Performance evaluation of phase change material integration in buildings using novel non-dimensional performance parameters for different cities and months in India

•Two non-dimensional parameters were proposed to calculate the effectiveness of PCM integration.•Non-dimensional parameters captured the latitude effects of PCM integration in the building.•The analysis results were useful for pre-installation studies of PCM integration in the building. In recent years, Phase Change Material (PCM) has been used in the thermal management of buildings for reducing the heat entry through the building envelope, and to maintain comfort. The effectiveness of PCM integration in a building would be high, in locations where diurnal ambient temperature variation is high. Selection of PCM with correct phase change temperature range for building envelope is a challenging task for building engineers, owing to the complex transient behaviour of PCM during its charging and discharging cycles. There is a need for a user-friendly numerical simulation tool for the selection of PCM with maximum effectiveness for a building at a particular location, at less cost and time. Also, there is a requirement for a non-dimensional PCM performance parameter to compare the thermal performance of a building with and without PCM integration. In current research work, a numerical tool has been developed using MATLAB software for performing thermal analysis of a building integrated with PCM in walls and roof. Further, year-round performance studies were carried out for measuring the effectiveness of PCM for selected geometry at different locations. Two novel non-dimensional parameters, namely, PCM performance parameter (PPP) and percentage drop in relative indoor temperature integral (PDR) have been introduced in this present work to determine the effectiveness of PCM integration in a building.
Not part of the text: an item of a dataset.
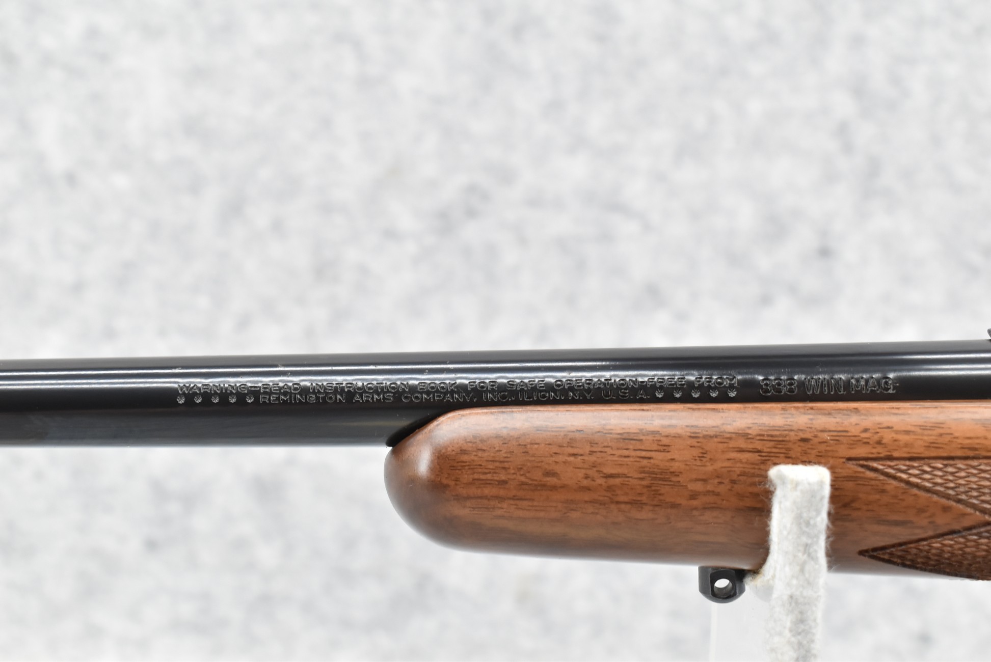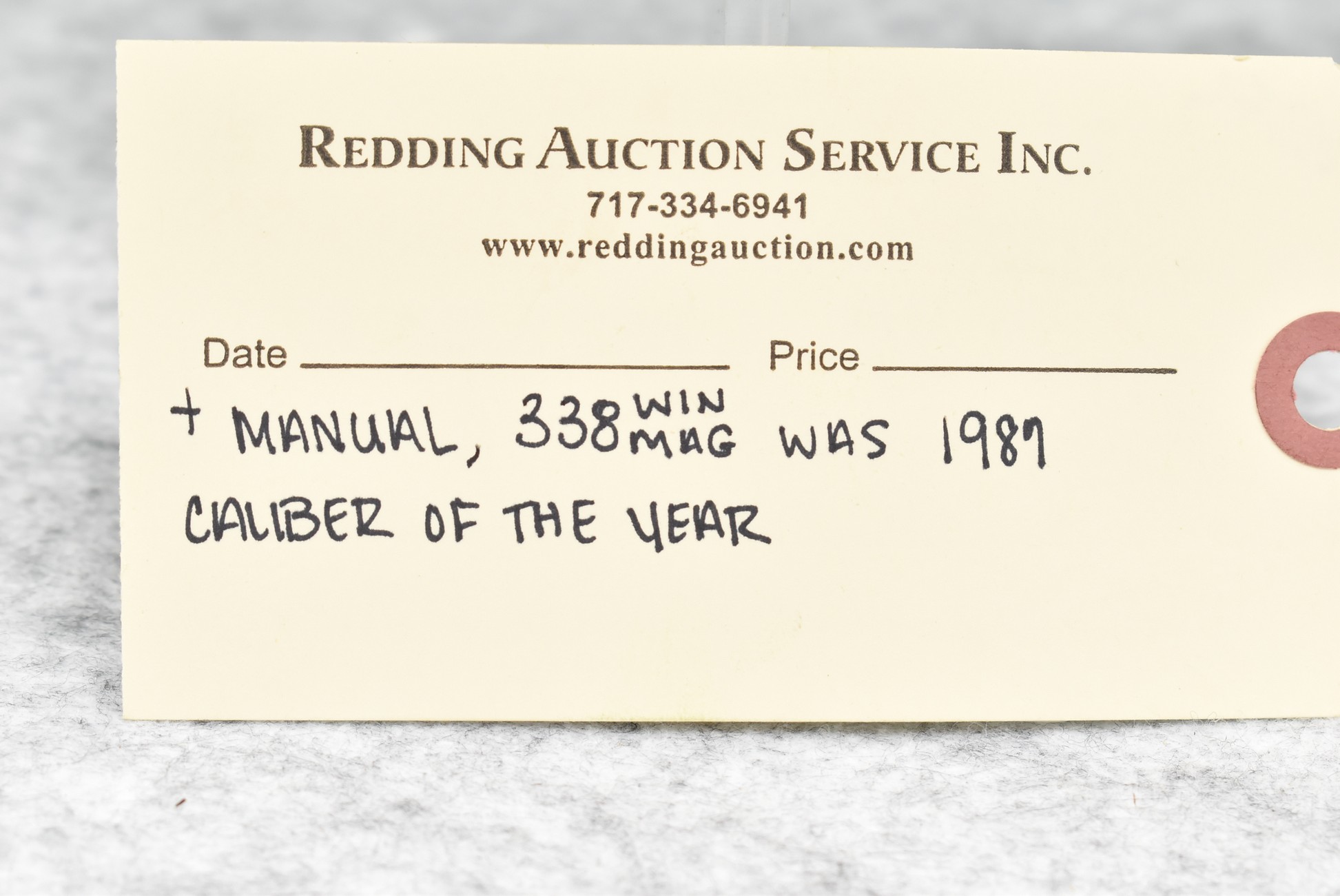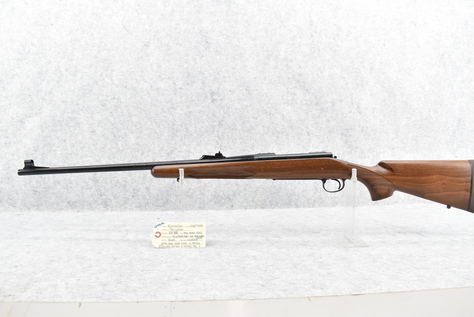 295R. Remington – Mod. 700 Classic – 338 Win. Mag. Cal. Bolt Action Rifle – w/24” Barrel w/Hooded Front & Adj. Rear Ramp Sights – Blued Finish – w/Checkered Pistol Grip Wood Stock w/Factory Recoil Pad – Unfired w/Factory Box & Manual – 338 Win. Mag. Cal. Was 1987 Caliber of the Year

Simulation has been carried out for a building model with and without PCM in five, cities in different geographical locations of India. Analysis has been carried out by selecting PCM with a suitable temperature range based on local climate for a particular time of the year. The concluding results have shown the usefulness of this user-friendly simulation tool and the PCM performance parameters in evaluating the performance of PCM integrated buildings at any location and time of the year. The developed numerical tool is useful for the selection of correct PCM for a location and time of the year. Also, the non-dimensional parameters proposed captured the latitude effects of a building integrated with PCM in walls and roof.